- PROBLEM DESCRIPTION -
Beginning at the line that holds "Proto-Sound® is a" and continuing to the last line of the data below, transcribe every line word for word, without pictures.

- LISTED ENTRIES -
>>>>

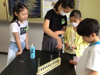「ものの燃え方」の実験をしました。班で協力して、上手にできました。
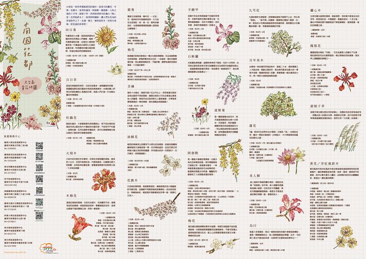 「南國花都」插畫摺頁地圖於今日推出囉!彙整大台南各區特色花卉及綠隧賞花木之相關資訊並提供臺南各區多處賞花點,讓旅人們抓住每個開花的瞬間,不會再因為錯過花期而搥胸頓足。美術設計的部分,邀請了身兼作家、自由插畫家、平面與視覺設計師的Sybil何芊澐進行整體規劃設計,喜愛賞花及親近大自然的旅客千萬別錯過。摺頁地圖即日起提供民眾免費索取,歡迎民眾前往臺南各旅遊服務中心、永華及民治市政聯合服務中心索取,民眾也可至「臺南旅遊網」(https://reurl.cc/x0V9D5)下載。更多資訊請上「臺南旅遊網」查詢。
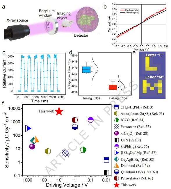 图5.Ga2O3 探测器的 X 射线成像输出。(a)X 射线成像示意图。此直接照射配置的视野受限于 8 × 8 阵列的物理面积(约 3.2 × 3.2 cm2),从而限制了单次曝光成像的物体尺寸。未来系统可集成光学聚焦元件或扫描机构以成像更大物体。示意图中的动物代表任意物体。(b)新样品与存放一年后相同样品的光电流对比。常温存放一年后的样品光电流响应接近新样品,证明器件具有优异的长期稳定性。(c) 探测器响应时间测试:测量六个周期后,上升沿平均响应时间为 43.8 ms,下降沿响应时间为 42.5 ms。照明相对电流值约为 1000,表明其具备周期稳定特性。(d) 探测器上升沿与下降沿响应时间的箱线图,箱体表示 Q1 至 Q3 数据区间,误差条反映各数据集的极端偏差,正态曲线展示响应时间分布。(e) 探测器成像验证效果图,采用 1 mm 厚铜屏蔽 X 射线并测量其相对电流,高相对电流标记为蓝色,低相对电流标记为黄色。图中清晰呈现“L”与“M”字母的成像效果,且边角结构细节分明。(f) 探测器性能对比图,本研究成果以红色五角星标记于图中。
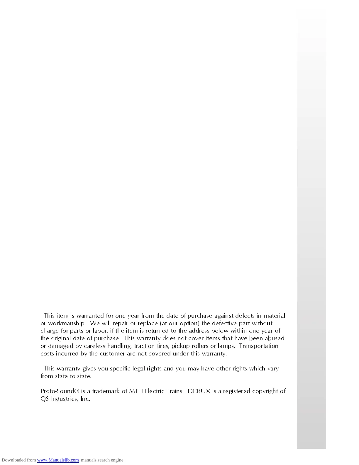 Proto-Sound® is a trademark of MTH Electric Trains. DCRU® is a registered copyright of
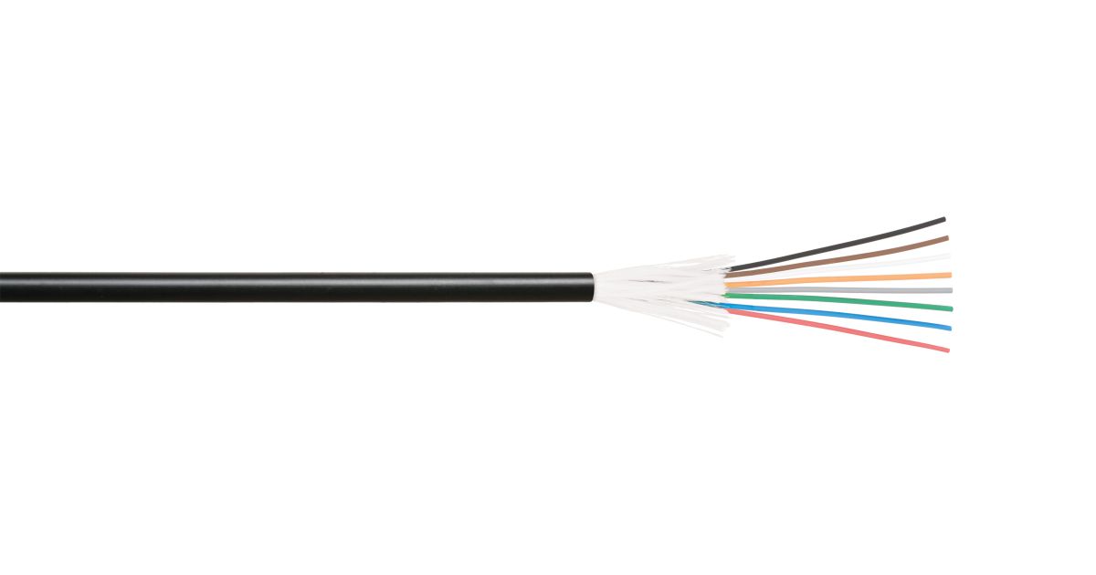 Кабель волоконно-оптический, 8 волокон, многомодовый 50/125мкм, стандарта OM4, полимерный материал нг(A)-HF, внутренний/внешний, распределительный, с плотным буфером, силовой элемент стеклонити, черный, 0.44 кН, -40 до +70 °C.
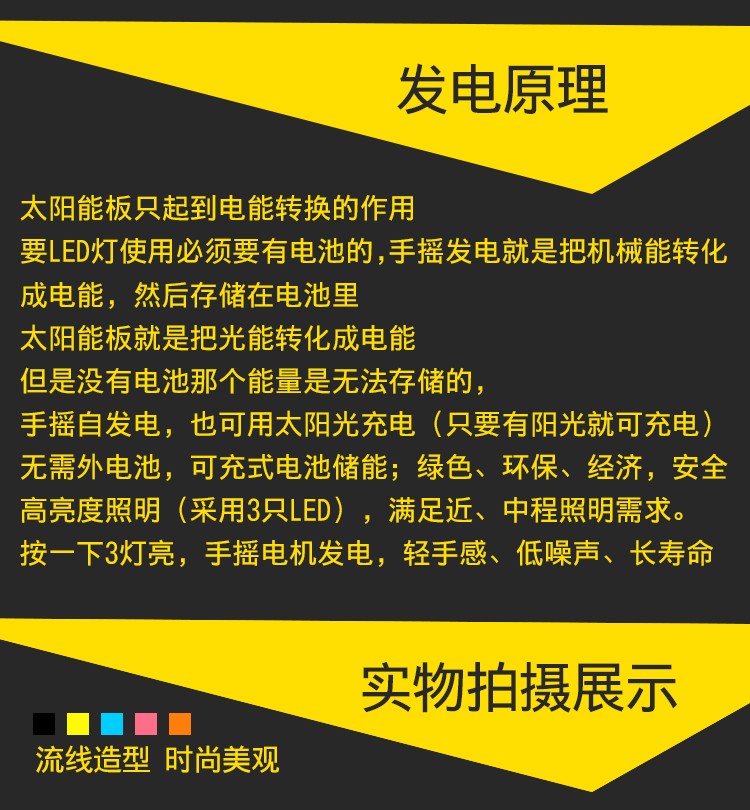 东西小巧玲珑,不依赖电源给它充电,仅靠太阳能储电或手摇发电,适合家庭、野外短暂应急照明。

<<<<

- FINAL ANSWER -
 Proto-Sound® is a trademark of MTH Electric Trains. DCRU® is a registered copyright of
 Кабель волоконно-оптический, 8 волокон, многомодовый 50/125мкм, стандарта OM4, полимерный материал нг(A)-HF, внутренний/внешний, распределительный, с плотным буфером, силовой элемент стеклонити, черный, 0.44 кН, -40 до +70 °C.
 东西小巧玲珑,不依赖电源给它充电,仅靠太阳能储电或手摇发电,适合家庭、野外短暂应急照明。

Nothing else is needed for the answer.